━━━ DATA EXCERPT ━━━

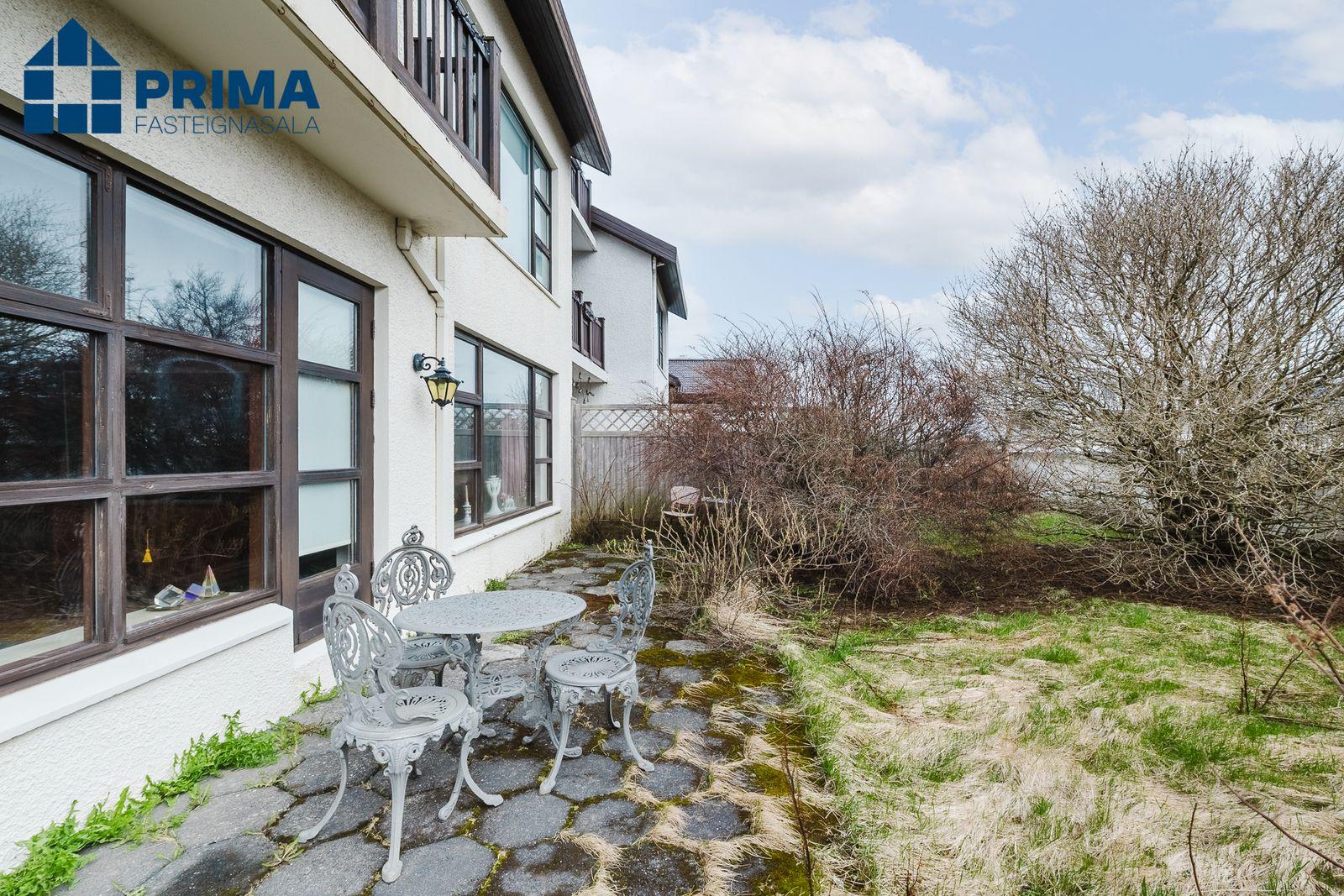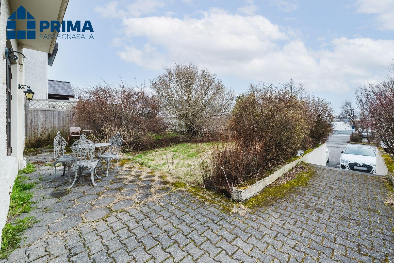 Eignin skiptist sem hér segir: Forstofan er flísalögð með fataskáp. Tvö svefnherbergi, annað með parketi og hitt með dúk og með skápum. Eldhúsið er rúmgott með borðkrók, parketi á gólfi. Baðherbergið er flísalagt í hólf. Sturta og innrétting. Stofan er parketlögð, þaðan er útgengt í garð með sérafnotafleti. Þvottahús/geymsla þvottahús og geymsla eru innan íbúðar með góðri innréttingu, dúkur á gólfi.
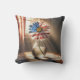 Sunlight streams through a window, illuminating a daisy with petals patterned after the American flag, positioned in a clear vase atop a table with a lace doily.
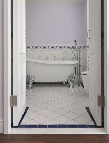编辑点评:特别挑选的砖面与浴缸,打造优雅的泡澡时光,方砖铺陈最为最基本的空间分割。
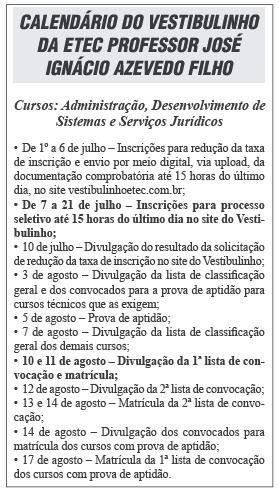 A Etec (Escola Técnica) Professor José Ignácio Azevedo Filho está com as inscrições abertas para o Vestibulinho do 2º semestre de 2020 e com muitas novidades. As inscrições do processo seletivo vão de sete de julho até as 15h de 21 de julho. Todo o processo será on-line e os interessados em ingressar no 2º semestre de 2020 devem fazer o cadastro no site do Vestibulinho (www. vestibulinhoetec.com.br).

━━━

## AIM OF THE TASK
Since the pictures are not wanted, write out the rest of the data exactly as it reads.

## ANSWER FOR THE TASK
 Eignin skiptist sem hér segir: Forstofan er flísalögð með fataskáp. Tvö svefnherbergi, annað með parketi og hitt með dúk og með skápum. Eldhúsið er rúmgott með borðkrók, parketi á gólfi. Baðherbergið er flísalagt í hólf. Sturta og innrétting. Stofan er parketlögð, þaðan er útgengt í garð með sérafnotafleti. Þvottahús/geymsla þvottahús og geymsla eru innan íbúðar með góðri innréttingu, dúkur á gólfi.
 Sunlight streams through a window, illuminating a daisy with petals patterned after the American flag, positioned in a clear vase atop a table with a lace doily.
编辑点评:特别挑选的砖面与浴缸,打造优雅的泡澡时光,方砖铺陈最为最基本的空间分割。
 A Etec (Escola Técnica) Professor José Ignácio Azevedo Filho está com as inscrições abertas para o Vestibulinho do 2º semestre de 2020 e com muitas novidades. As inscrições do processo seletivo vão de sete de julho até as 15h de 21 de julho. Todo o processo será on-line e os interessados em ingressar no 2º semestre de 2020 devem fazer o cadastro no site do Vestibulinho (www. vestibulinhoetec.com.br).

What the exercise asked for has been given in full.